Straining to urinate or defecate is not normal in the foal. Meconium impaction is the most common reason for straining or flagging of the tail. This occurs in the first day or two of life and is often successfully managed in the filed with diagnostic imagining and enema and fluid administration. Straining to urinate can be indicative of a ruptured bladder in the foal. Colts are more likely than fillies to be affected and these foals will often show progressive depression and a distended abdomen, Foals with ruptured bladders require referral to a NICU for medical and surgical management and have a good prognosis if not septic.
Swollen, cloudy or weeping eye requires immediate veterinary attention. Common foal issues include corneal ulceration from shavings or stall trauma, entropion (folding of the lid into the cornea), or more seriously, uveitis. Uveitis in a newborn can indicate spsis and carries a poor prognosis.
Swollen or moist umbilicus. The umbilicus is the second most likely route of entry for infectious agents in the foal, after the gut. Swelling or moisture warrant immediate investigation and can be indicative of infection or a patent urachus. The urachus is the umbilical remnant that carried fetial waste from the foal’s bladder to the outer placental sack. This umbilicus can be imaged ultrasonigraphically in the field and most umbilical conditions require referral and surgical removal. Occasionally, foals can have significant internal umbilical infections with no external signs.

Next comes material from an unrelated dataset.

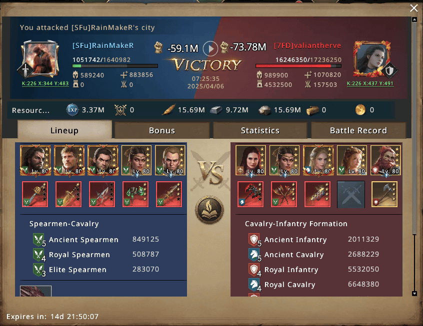 The long-awaited War of the Kingdoms Sunday had finally arrived, but this time, SFu and the entire kingdom of K226 were in for a big surprise. Just a few days before the event kicked off, two exceptionally strong BDR players landed on K226, looking for some merit points. But these weren’t your average merit hunters. These were top-tier players with maxed-out accounts, fully-equipped with SS commander line-ups and high-level strategies that left everyone on edge.

Smart Tips as mare gets close to foaling
Ensuring a healthy foaling environment. Bacteria encountered by the newborn foal in a dirty, poorly ventilated stall can easily override the antibodies received from the mare’s colostrum, even if the foal’s IgG is at or above the desired level of 800 mg/dl. In nature, a mare will wander off to as site of her choosing that is free of manure. The ground is baked by the sun, which minimizes pathogen levels. On a farm, it is a different situation.
Before placing the mare in the stall, inspect the stall and eliminate hazards such as raised nails, large splinters and water buckets. High-quality, dust-free straw is the preferred bedding; wood shavings can be inhaled by the newborn foal. Foals maintained on straw for the first three weeks of life has been shown to be less likely to develop umbilical infections.

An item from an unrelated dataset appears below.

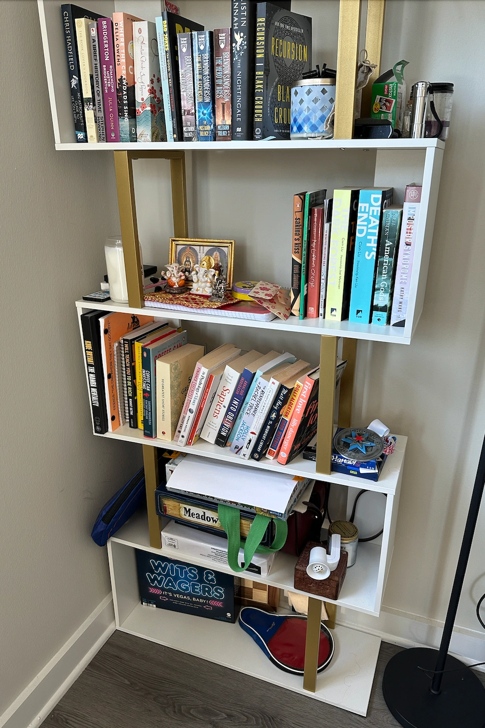 76Gadroad 5 Tier Geometric Bookcase,S Shaped Bookshelf, Wood Decorative Storage Shelving, Modern Freestanding Display Shelves, Tall Book Shelf Unit for Living Room Bedroom, Gold Note: Books not included. https://a.co/d/2SnSarF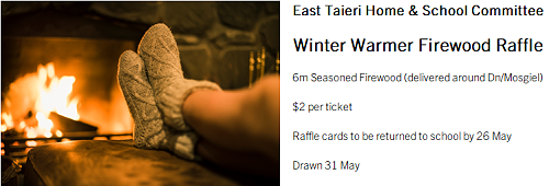 Support the Home and School committee by selling tickets to win 6m of seasoned wood in our Winter Warmer Raffle. Funds raised will go to the school for various resources as needed by staff - for example, we have just purchased a set of Boom Whackers for the music department & helped with new singlets for the Sports Department!

Disinfect the stall before foaling
- Remove all bedding.
- Remove all non-permanent objects, such as buckets and feeders. Using a mixture of hot water and dish detergent, scrub them free of residue. Rinse thoroughly, then scrub again with a solution of 1 part laundry-type chlorine bleach to 10 parts water. Allow them to air-dry without rinsing. Scrub one mare time with hot water and dish detergent. Rinse thoroughly remove any bleach or detergent residue.

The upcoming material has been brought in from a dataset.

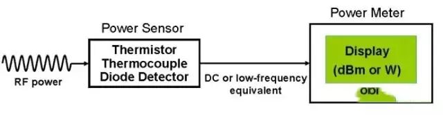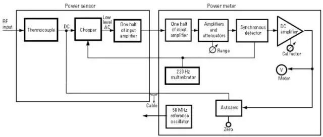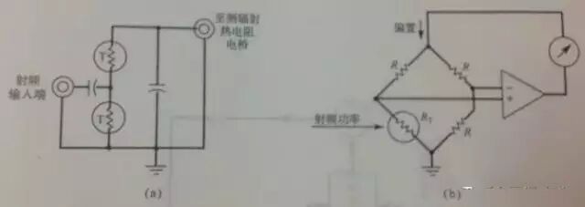 功率计利用称为自动平衡电桥的电路,该电路提供将热敏电阻阻值RT维持恒定在R值上的直流偏置功率。若热敏电阻上的射频功率增加,则电桥使偏置功率减小一个相类似的量。射频功率降低则引起电桥增加偏置功率,使热敏电阻维持恒定的电阻。功率计内的辅助电路对直流功率的这个变化进行处理,以获得功率读数。

- Sweep cobwebs, dust, hay, and other debris from the stall floor, walls, ledges and door.
- Wash walls and other solid surfaces using a pressure washer (or garden hose), a stiff scrub brush and dishwashing detergent.
- Mix Lysol disinfectant concentrate (2 ½ tablespoons per gallon of water) in a garden-type spray tank. Wear protective clothing, including long sleeves, long pants, gloves, goggles and head gear. Spray a soaking mist of disinfectant onto all surfaces and allow to air-dry. Repeat.
- Return clean buckets and feeder to you horse’s bed with clean straw.
All of us at Horse Tales Publications hope that your 2022 foals come into the world healthy and vibrant and that you and your mamma mare’s foaling experiences are nothing short of amazing and miraculous! But if you should encounter any problems, we hope that this article will help you identify them in a timely manner and that you are able to prevent serious emergencies or health problems.